And all this because Apple decided "Our users are too dumb to understand the concept or a root user.  We won't explain any of it to them."


----------



## zpincus (Dec 17, 2000)

Scruffy -- could you run that by me again? The config programs run
as "root" even before you "authenticate" them? What in OS X stops
any application (possibly malicious) from doing this same thing?
Hearing this pains me. I certainly hope Apple, at the very least, decides
to ask for a "Master" admin password in the setup process...
I found it confusing/annoying/dangerous that my "admin" password was also root's.

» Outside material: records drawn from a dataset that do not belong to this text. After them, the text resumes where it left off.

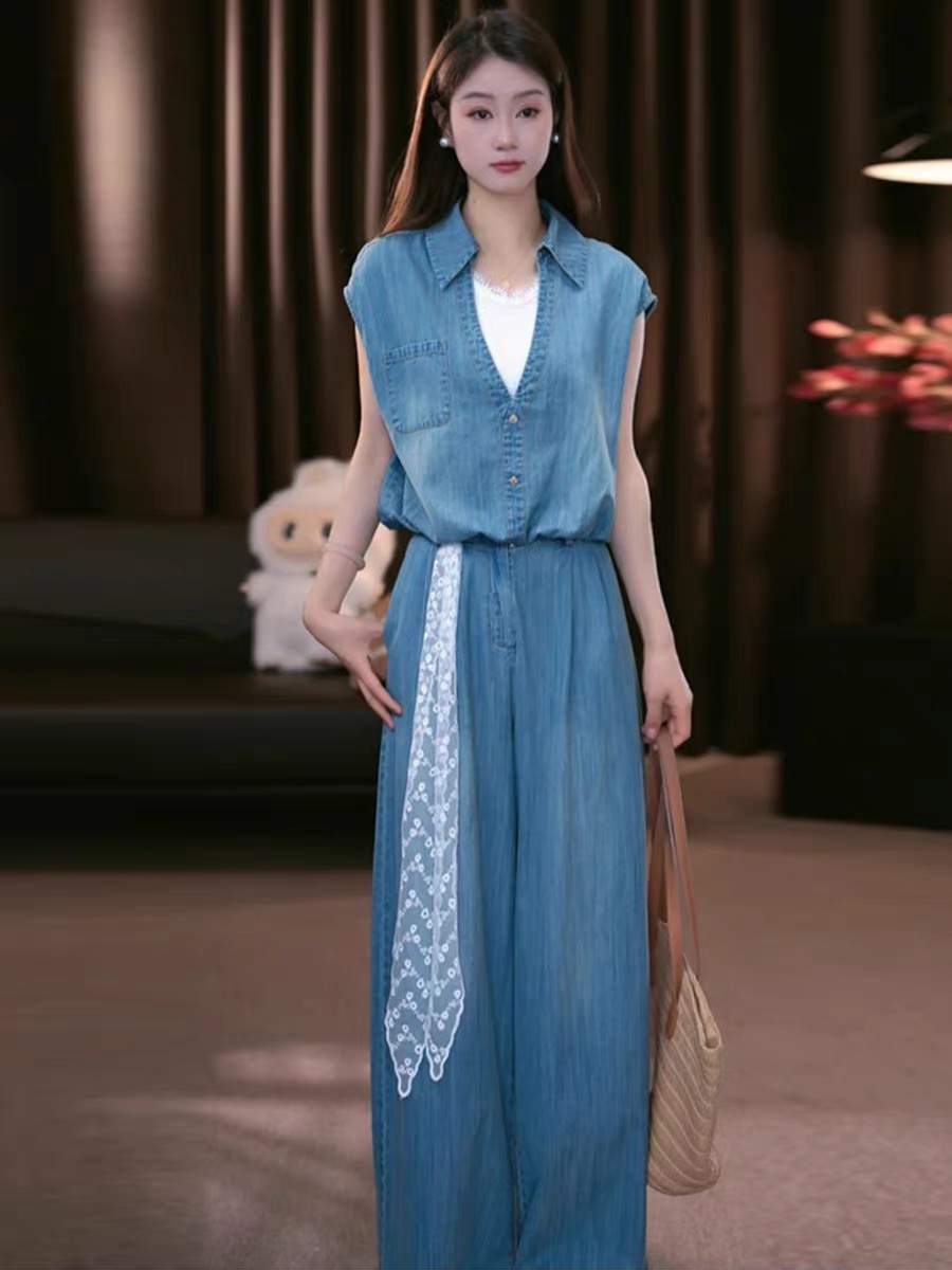 프랑스식 레트로 품격 데님 베스트 캐주얼 청바지 투피스 세트 세트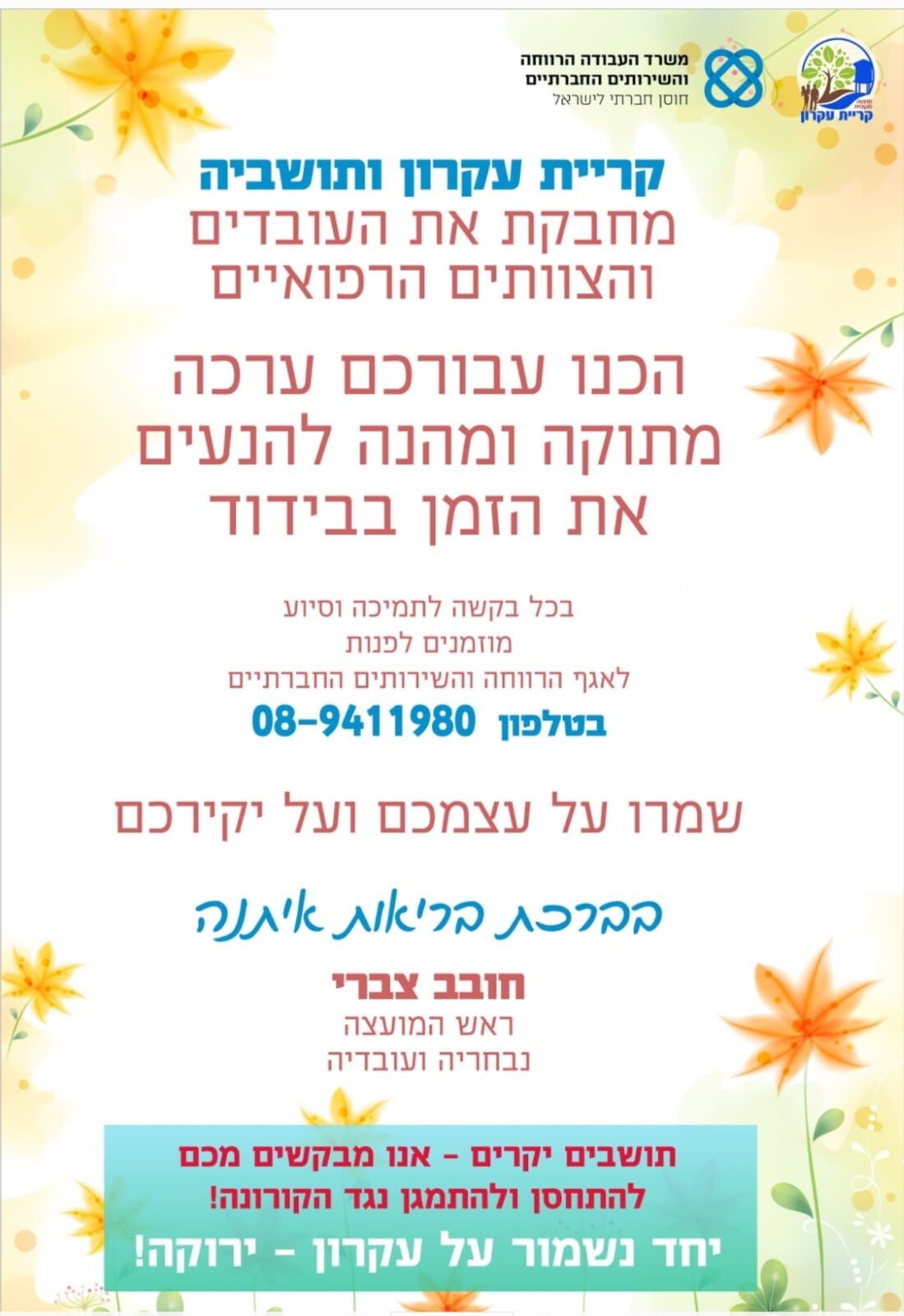 המועצה מקומית קריית מחבקת ומחזקת את הצוותים הרפואיים תושבי קריית עקרון הנמצאים בבידוד. בימים אלו שהתחלואה עולה והגיעה גם לצוותים הרפואיים, החליטו באגף לשירותים חברתיים להוקיר את עבודתם ודאגו לשי קטן ומתוק לצוותים המבודדים שנשלח לבתיהם יחד עם ברכה.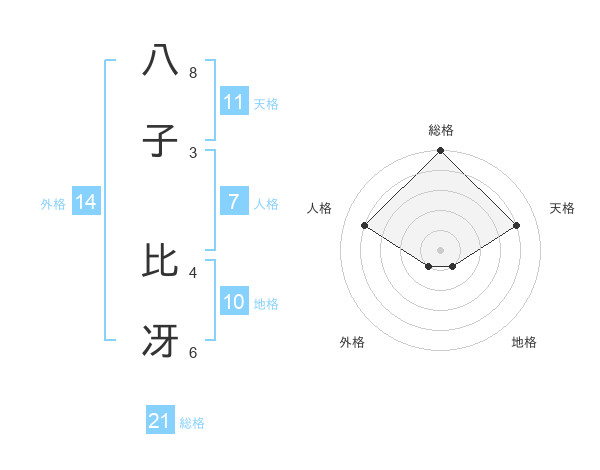 八子 比冴さんの天格は11画の4点!

Thanks for bringing this to our attention.
Zach


----------



## omega884 (Dec 21, 2000)

What you all seem to have forgoten is that the average user does not know nor care about root. The purpose of OS X is to create an OS that satisfies both consumers and buisnesses with power and eficiency. The fact that you can access root with the same password as the sys admin, is rather pointless to all of you since you all know how to change this and all understand the power of root. If this operating system were to be used under a buisness setting or a setting requiring high security, chances are the original password schemes would not be used to begin with. Most people concerned with security will download another program to secure their computers. Besides, your admin password should not be made availible to anyone but you to begin with. Any book on security will tell you that. If you wan tother admin accounts create them, don't let others use yours.


----------



## zpincus (Dec 22, 2000)

Omega --
I'm afraid that I must respectfully disagree.

OS X needs to be bulletproof out of the box. Whether or not end users know about root, it is still there. If there are bugs/security flaws that leave this accessible to malicious programs or non-admin users, we've all got big problems. 

1) With persistent internet connections becoming so inexpensive and popular, even home users need be concerned that their computer may be cracked. A *NIX box with security flaws is a huge target, wandering around all day with a "kick me" sign on its back. It would be sad (and hugely bad PR) if OS X boxes get cracked, say for use as platforms for things like denial of service attacks. (Previous attackers exploited a security flaw in a Redhat distribution, I believe?)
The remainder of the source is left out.